Another reason is that when I grew up, everybody "talked country". Your voice marked you as a member of your community. And one of the first things I could see what that my community wasn't going anywhere. Maybe it's part of being a self-hating Appalachian, but if that's the case I became a self-hating Appalachian at the age of five years old. I would watch TV - TV was my religion - and I noticed that all the cool people on TV don't talk like us. All the people that speak like us - "us" - are stuck living on dirt roads. All those other people speak differently.

(Notice: when I wrote this passage the first time, I wrote "all of those people that talk like us". And "are stuck down here living on dirt roads". See, it's starting to creep in already.)

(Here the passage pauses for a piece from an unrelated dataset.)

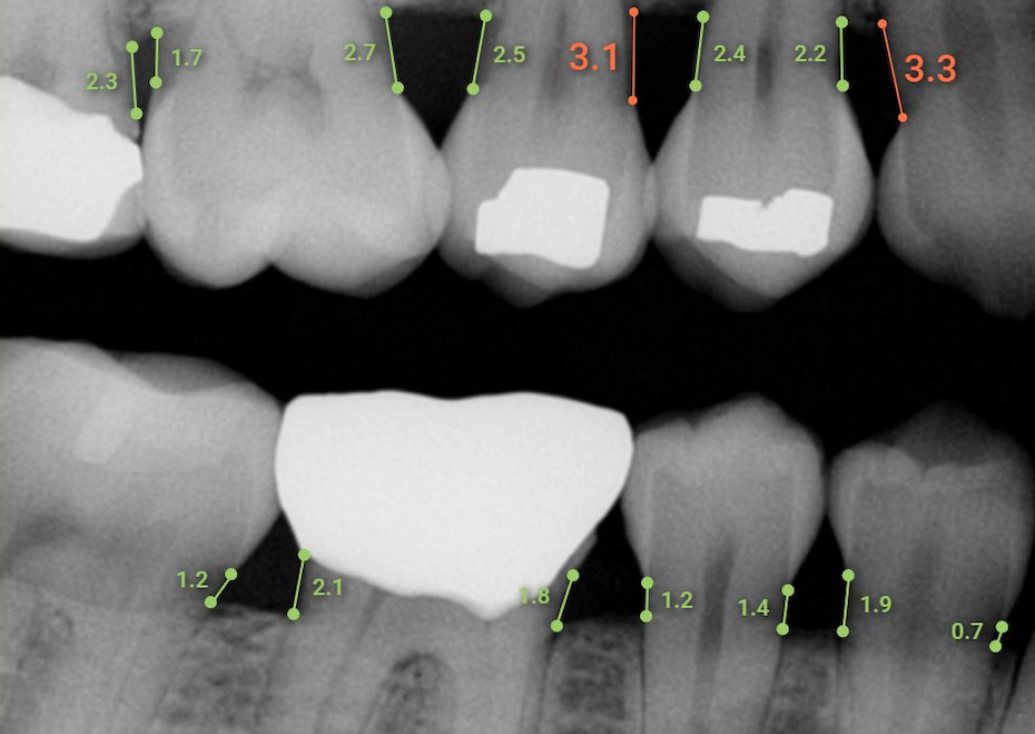 In clinical performance testing, Overjet Dental Assist demonstrated automated measurement capabilities comparable to a team of highly skilled dentists. Overjet had 3 experienced dentists independently measure bone levels on dental radiographs using a measuring tool. These measurements were then further adjudicated by an oral radiologist to establish an official consensus ground truth. Overjet’s AI-powered Dental Assist measurements were then compared against this dentist consensus and had an average difference of only 0.3mm.

So I began to speak differently. I must have figured that if I could speak like Lee Majors I'd become the Six Million Dollar Man.

However, there is one word that I hang onto religiously, or at least try to. The word is written "can't" - can not - but is pronounced to rhyme with "ain't" and is best spelled "cain't".

It seems natural to me that "cain't" is the obvious pronunciation of this word. All of the "good speakers" tried to teach me to prounce the word as "cAHHnt" to rhyme with, say, Immanuel Kant. But "caHHnt" sounds ridiculously hoity-toity. "Puttin' on airrrrs" they might say down in the holler, or better yet, "stuck up". I couldn't imagine tossing a "caHHNt" out of my mouth; I'd never live it down.

The only other alternative was "caaaaan't", with the "a" sound rhyming with "rasp" or "had". There's nothing wrong with a good caaaaan't. But my mind's first alternative to "can not" is "cain't".

"Cain't" just sounds right. I like "cain't".

So if you're reading this and are Appalachian, or southern, or black, or Hispanic, or whatever...locate a few words that you like for storage and use them at all opportunities. "Cain't" is my word of choice, a Jethro Bodine marching into the Commerce Bank of Beverly Hills, not knowing enough to be ashamed of itself and damned happy to boot.